Would you repeat the entries below exactly and omit the pictures?
Data section Start Marker
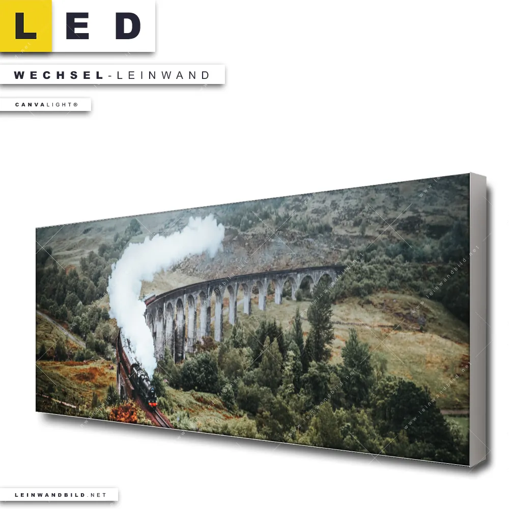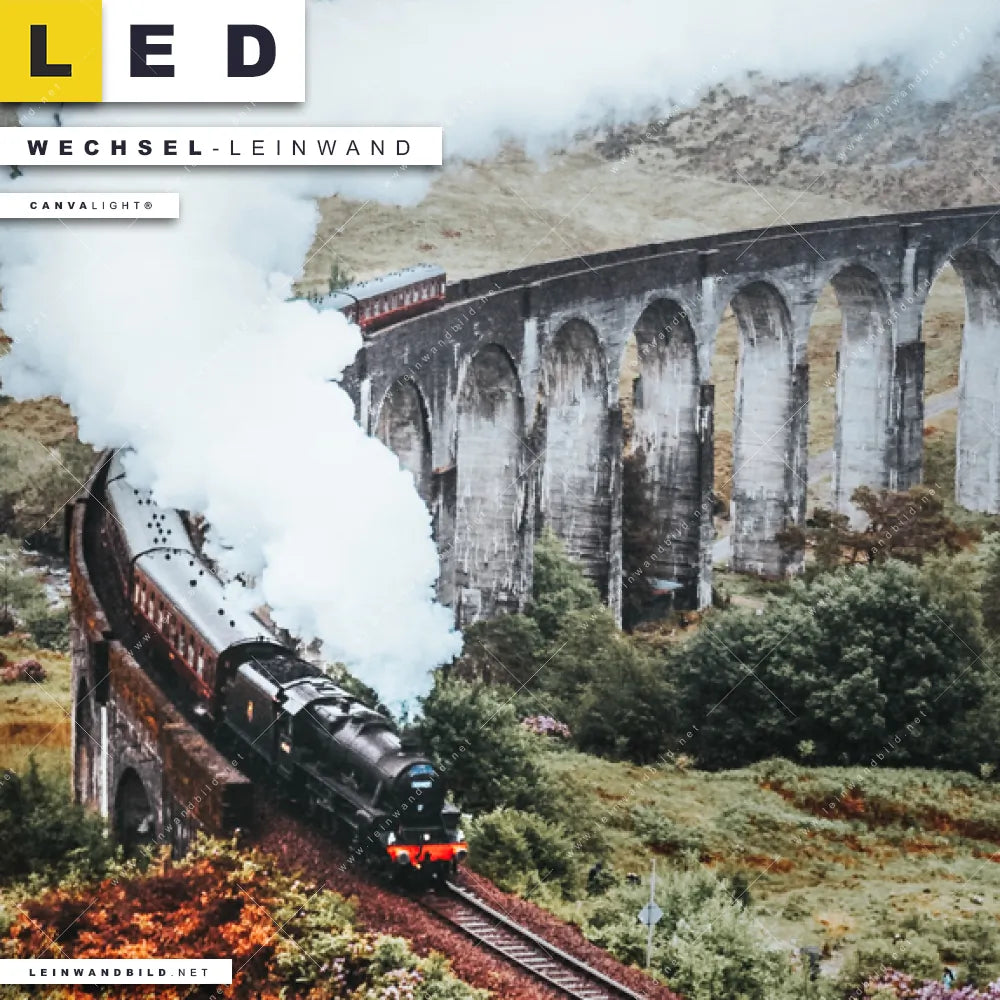 Du bist auf der Suche nach einer Fahrzeuge, Landschaften Wechsel-Leinwand für Dein LED-Leinwandbild im Panorama-Format? Begriffe wie Hogwarts-Zug, Dampfzug, Glenfinnan-Viadukt, Schottland, Brücke, Eisenbahn haben Dich auf der Suche nach Deiner Ersatz-Leinwand für dein extra breites LED Wandbild mit wechselbarer Leinwand inspiriert? Farben wie Ocker, Braun, Grün, Grau , Orange dürfen auf Deinem neuen Wechselmotiv für Dein XXL Leinwand-LED-Bild nicht fehlen und Leinwände im Natürlich - Realistisch Stil für Leuchtbilder passen perfekt zu Deinem Einrichtungsstil?
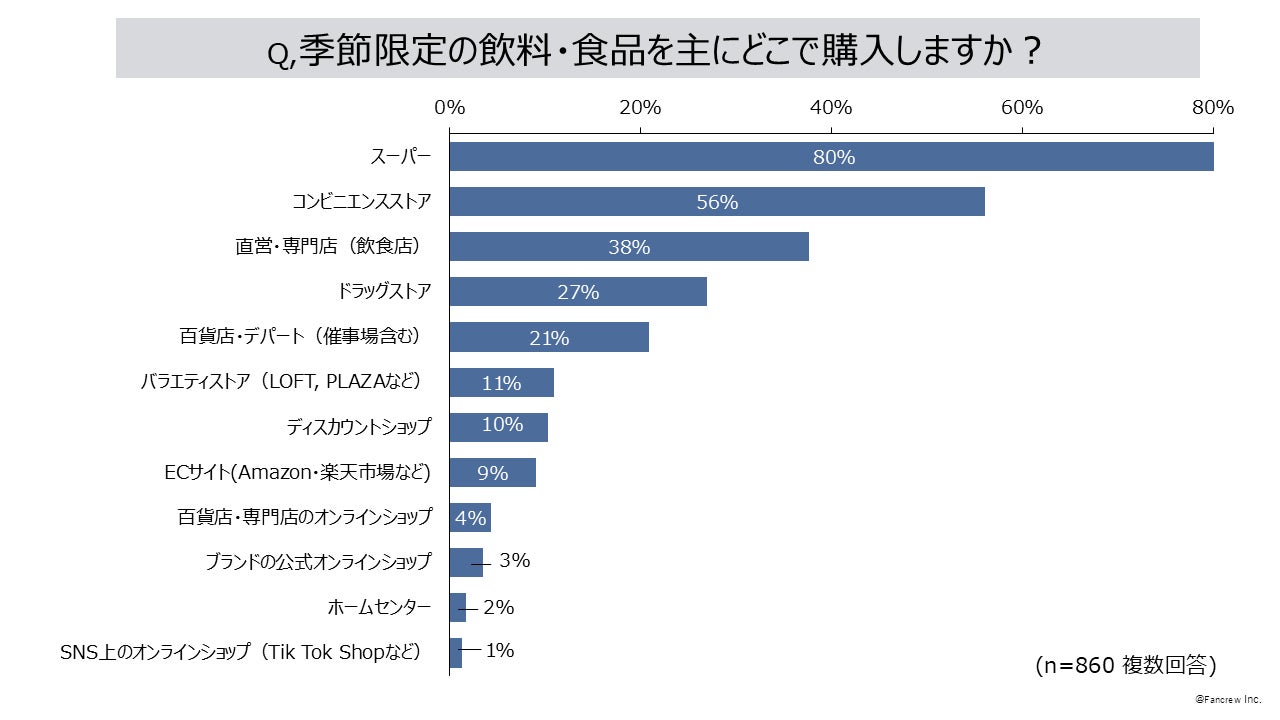季節限定の飲料・食品の購入場所は「スーパー」と「コンビニエンスストア」
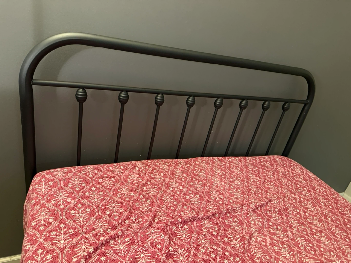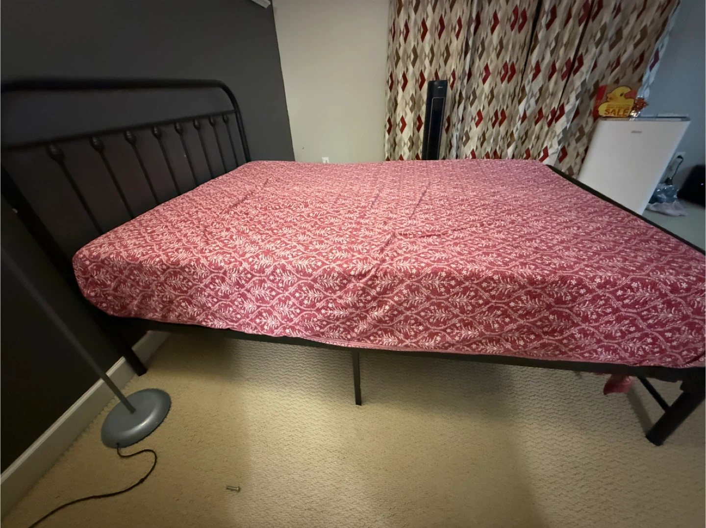 Selling a black metal bed frame! It's in great condition and ready for a new home. The frame has a sleek and simple design that would suit any bedroom decor. The mattress is also very comfortable.
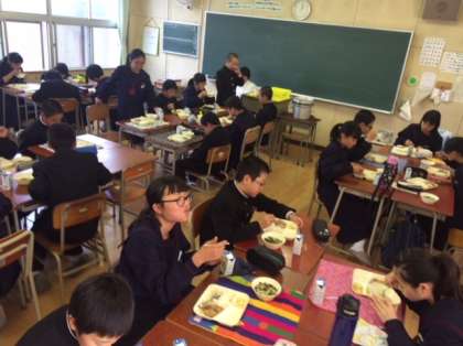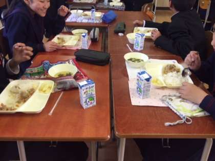 1年の給食の様子です。豚丼ですね〜。一泊移住に行ってましたので久しぶりの給食です。美味しいですかと尋ねたら、「美味しいです」と返答がありました。よく噛んで食べましょう。
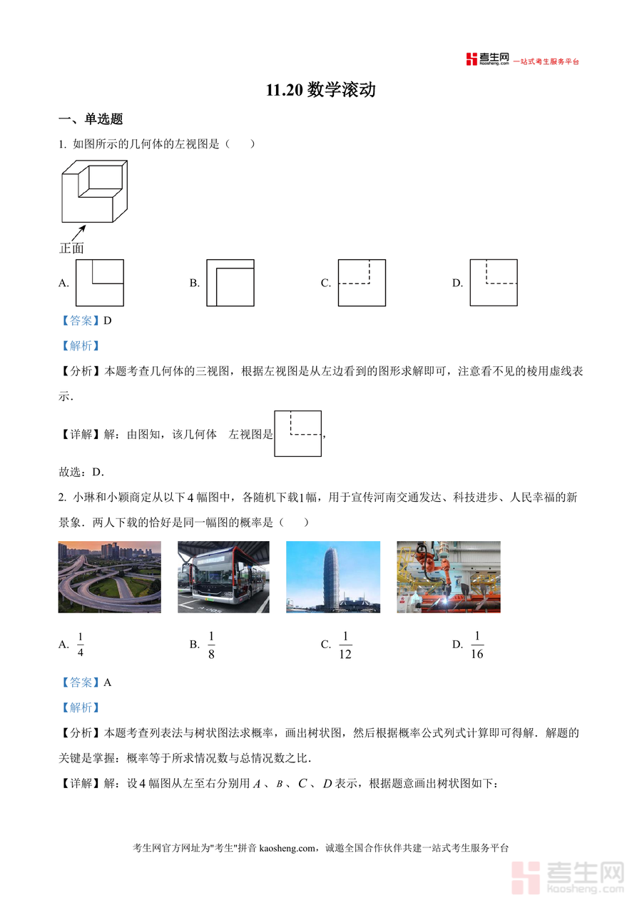 《精品解析:广东省深圳高级中学盐田学校2025-2026学年上学期九年级数学11月月考滚动试卷(解析版)》是一份针对九年级数学阶段性复习需求 的优质备考资料,聚焦11月月考核心考点涵盖几何体三视图、概率计算、特殊四边形判定等九年级上册重点知识模块。文件包含完整试卷原题及逐题解析部分不仅给出正确答案还详细呈现考点分析解题思路及易错点提示如对黄金分割比例应用类题目明确公式推导过程对反比例函数与一次函数图像综合题拆解系数与图像象限关系逻辑链同时标注各题对应教材章节及能力要求为学生构建清晰知识框架。
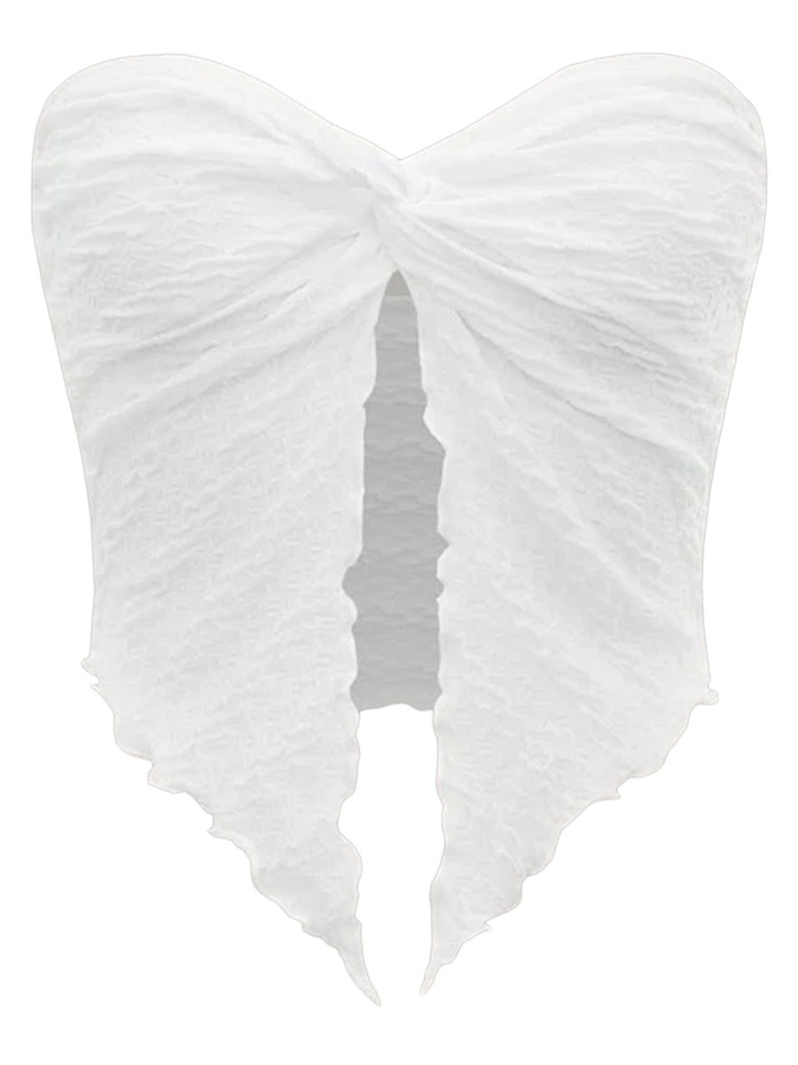 Aislyn Raymond June 10, 2024Verified BuyerPerfect for tanningThis bikini is so pretty in person and it was very minimal fabric which was what i was searching for. It’s super comfortable and perfect for a smaller chest. it’s super adjustable and the bottoms can be larger but the fabric makes them easy to scrunch as well. I love the triangle top and do wish the bottoms were a better fabric for the ocean but it’s very secure and did great in the water.Y2k Ruched Bandeau Crop Top Was this helpful? 0 0
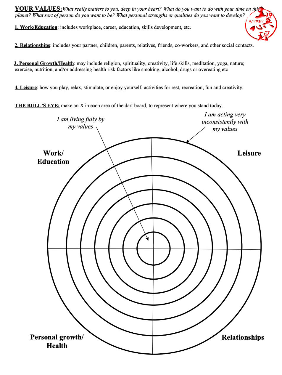 ACT明确价值,承诺行动:明确工作/学习,人际关系,个人成长/健康,休闲四个方面的价值观和目标是什么。“每天记录,看这一天有没有在自己的目标方向上努力,现在做的事能不能帮助我实现目标。”做了几周,有警示作用。
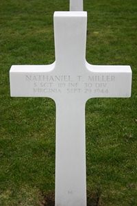 Nathaniel T. Miller enlisted on 1 October 1941 in Roanoke County, Virginia.Source of information: Astrid van Erp, Carla Mans, www.wwiimemorial.com, www.findagrave.com, www.ancestry.com - 1920/1930/1940 Census / U.S. WWII Draft Cards Young Men
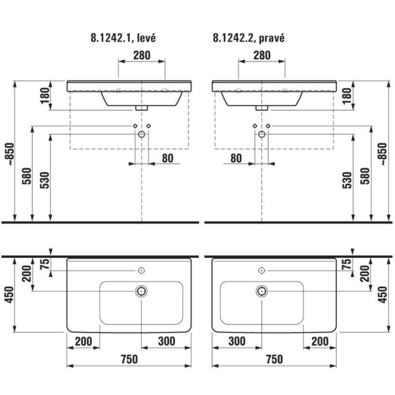 Jika CUBITO Asymetrické umývadielko 75 cm, s otvorom pre batériu, ĽAVÉ, bielas otvorom pre batériu uprostred
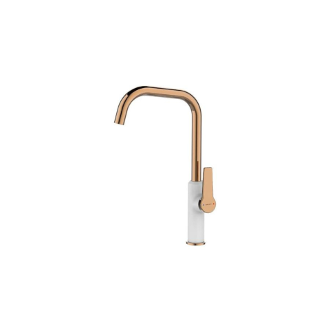 1 kép    LAVEO ALANIS Konyhai csaptelep L alakú kiömlővel, Szín: fehér/rózsaarany
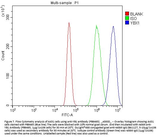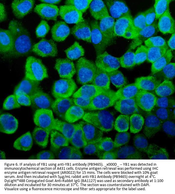 Boster Bio Anti-YB1/YBX1 Antibody Picoband® catalog # PB9465. Tested in Flow Cytometry, IF, IHC, IHC-F, ICC, WB applications. This antibody reacts with Human, Mouse, Rat. The brand Picoband indicates this is a premium antibody that guarantees superior quality, high affinity, and strong signals with minimal background in Western blot applications. Only our best-performing antibodies are designated as Picoband, ensuring unmatched performance.
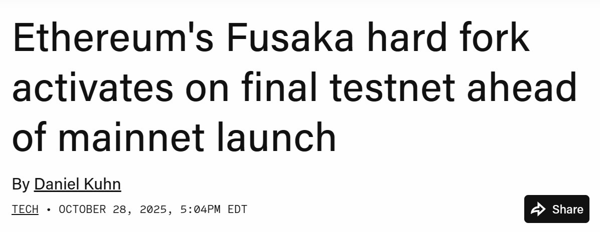 - Fusaka 升级完成最终测试,拟于 12 月 3 日左右在主网上线
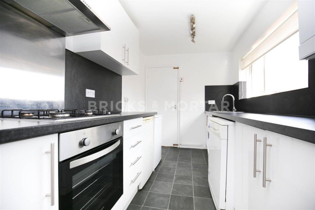 The property boasts a large, open plan lounge, complete with two sofas, carpet and a beautiful original fireplace, leading onto the fully integrated high gloss white kitchen with complimentary black worktops, complete with stainless steel appliances.
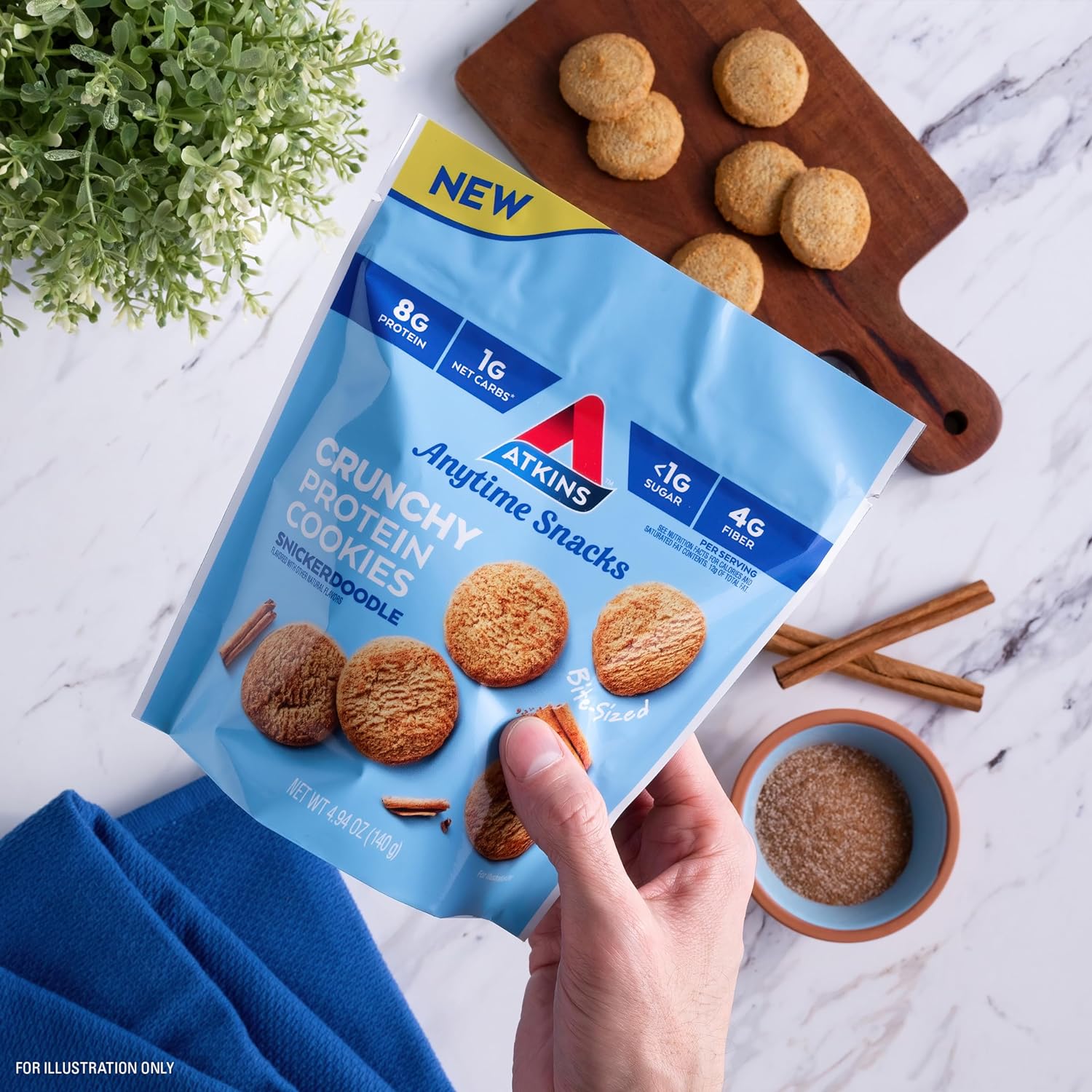 ON-THE-GO. Atkins Snickerdoodle Crunchy Protein Cookies. Enjoy delicious cookies that fit right into your busy schedule, no matter where you go, with 8g of protein, 1g of net carbs, and <1g of sugar per servingSNACK WITH PURPOSE. Enjoy everything you love about a cookie and everything you want in a snack without all the sugar, with 8g of protein, 1g of net carbs, and <1g of sugar per servingCRISPITY, CRUNCHITY. Taste the big, scrumptious crunch that bombards your taste buds with decadent flavor and textureUNBELIEVABLY DELICIOUS. Every crunchy, crispy bite is filled with the rich taste of snickerdoodle to satisfy your sweet toothOffered in 3pk cartons containing 4.94 oz cookies. About 5 servings per container with 6 cookies per serving
Data section End Marker
## Answer box
 Du bist auf der Suche nach einer Fahrzeuge, Landschaften Wechsel-Leinwand für Dein LED-Leinwandbild im Panorama-Format? Begriffe wie Hogwarts-Zug, Dampfzug, Glenfinnan-Viadukt, Schottland, Brücke, Eisenbahn haben Dich auf der Suche nach Deiner Ersatz-Leinwand für dein extra breites LED Wandbild mit wechselbarer Leinwand inspiriert? Farben wie Ocker, Braun, Grün, Grau , Orange dürfen auf Deinem neuen Wechselmotiv für Dein XXL Leinwand-LED-Bild nicht fehlen und Leinwände im Natürlich - Realistisch Stil für Leuchtbilder passen perfekt zu Deinem Einrichtungsstil?
季節限定の飲料・食品の購入場所は「スーパー」と「コンビニエンスストア」
 Selling a black metal bed frame! It's in great condition and ready for a new home. The frame has a sleek and simple design that would suit any bedroom decor. The mattress is also very comfortable.
 1年の給食の様子です。豚丼ですね〜。一泊移住に行ってましたので久しぶりの給食です。美味しいですかと尋ねたら、「美味しいです」と返答がありました。よく噛んで食べましょう。
 《精品解析:广东省深圳高级中学盐田学校2025-2026学年上学期九年级数学11月月考滚动试卷(解析版)》是一份针对九年级数学阶段性复习需求 的优质备考资料,聚焦11月月考核心考点涵盖几何体三视图、概率计算、特殊四边形判定等九年级上册重点知识模块。文件包含完整试卷原题及逐题解析部分不仅给出正确答案还详细呈现考点分析解题思路及易错点提示如对黄金分割比例应用类题目明确公式推导过程对反比例函数与一次函数图像综合题拆解系数与图像象限关系逻辑链同时标注各题对应教材章节及能力要求为学生构建清晰知识框架。
 Aislyn Raymond June 10, 2024Verified BuyerPerfect for tanningThis bikini is so pretty in person and it was very minimal fabric which was what i was searching for. It’s super comfortable and perfect for a smaller chest. it’s super adjustable and the bottoms can be larger but the fabric makes them easy to scrunch as well. I love the triangle top and do wish the bottoms were a better fabric for the ocean but it’s very secure and did great in the water.Y2k Ruched Bandeau Crop Top Was this helpful? 0 0
 ACT明确价值,承诺行动:明确工作/学习,人际关系,个人成长/健康,休闲四个方面的价值观和目标是什么。“每天记录,看这一天有没有在自己的目标方向上努力,现在做的事能不能帮助我实现目标。”做了几周,有警示作用。
 Nathaniel T. Miller enlisted on 1 October 1941 in Roanoke County, Virginia.Source of information: Astrid van Erp, Carla Mans, www.wwiimemorial.com, www.findagrave.com, www.ancestry.com - 1920/1930/1940 Census / U.S. WWII Draft Cards Young Men
 Jika CUBITO Asymetrické umývadielko 75 cm, s otvorom pre batériu, ĽAVÉ, bielas otvorom pre batériu uprostred
 1 kép    LAVEO ALANIS Konyhai csaptelep L alakú kiömlővel, Szín: fehér/rózsaarany
 Boster Bio Anti-YB1/YBX1 Antibody Picoband® catalog # PB9465. Tested in Flow Cytometry, IF, IHC, IHC-F, ICC, WB applications. This antibody reacts with Human, Mouse, Rat. The brand Picoband indicates this is a premium antibody that guarantees superior quality, high affinity, and strong signals with minimal background in Western blot applications. Only our best-performing antibodies are designated as Picoband, ensuring unmatched performance.
 - Fusaka 升级完成最终测试,拟于 12 月 3 日左右在主网上线
 The property boasts a large, open plan lounge, complete with two sofas, carpet and a beautiful original fireplace, leading onto the fully integrated high gloss white kitchen with complimentary black worktops, complete with stainless steel appliances.
 ON-THE-GO. Atkins Snickerdoodle Crunchy Protein Cookies. Enjoy delicious cookies that fit right into your busy schedule, no matter where you go, with 8g of protein, 1g of net carbs, and <1g of sugar per servingSNACK WITH PURPOSE. Enjoy everything you love about a cookie and everything you want in a snack without all the sugar, with 8g of protein, 1g of net carbs, and <1g of sugar per servingCRISPITY, CRUNCHITY. Taste the big, scrumptious crunch that bombards your taste buds with decadent flavor and textureUNBELIEVABLY DELICIOUS. Every crunchy, crispy bite is filled with the rich taste of snickerdoodle to satisfy your sweet toothOffered in 3pk cartons containing 4.94 oz cookies. About 5 servings per container with 6 cookies per serving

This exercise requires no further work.